----- Data segment -----
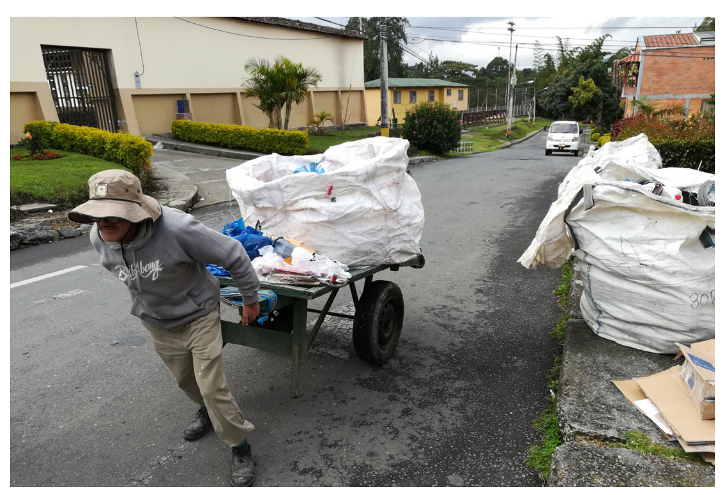
On the recycling road.

City Council of Bogota. Article 2 of this agreement restricts the beneficiary population to those waste pickers experiencing conditions of poverty and vulnerability. Translated, it reads:
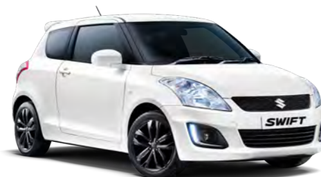
Superior White Available on Swift SZ2, Swift SZ3 4x4, Swift SZ4 and Swift SZ4 4x4 (image for illustration only)
-----
◆ The task: Beginning with the line that contains "City Council of" and ending with the last line of the data, transcribe each line exactly; pictures stay out.

◆ Expected answer:
City Council of Bogota. Article 2 of this agreement restricts the beneficiary population to those waste pickers experiencing conditions of poverty and vulnerability. Translated, it reads:
Superior White Available on Swift SZ2, Swift SZ3 4x4, Swift SZ4 and Swift SZ4 4x4 (image for illustration only)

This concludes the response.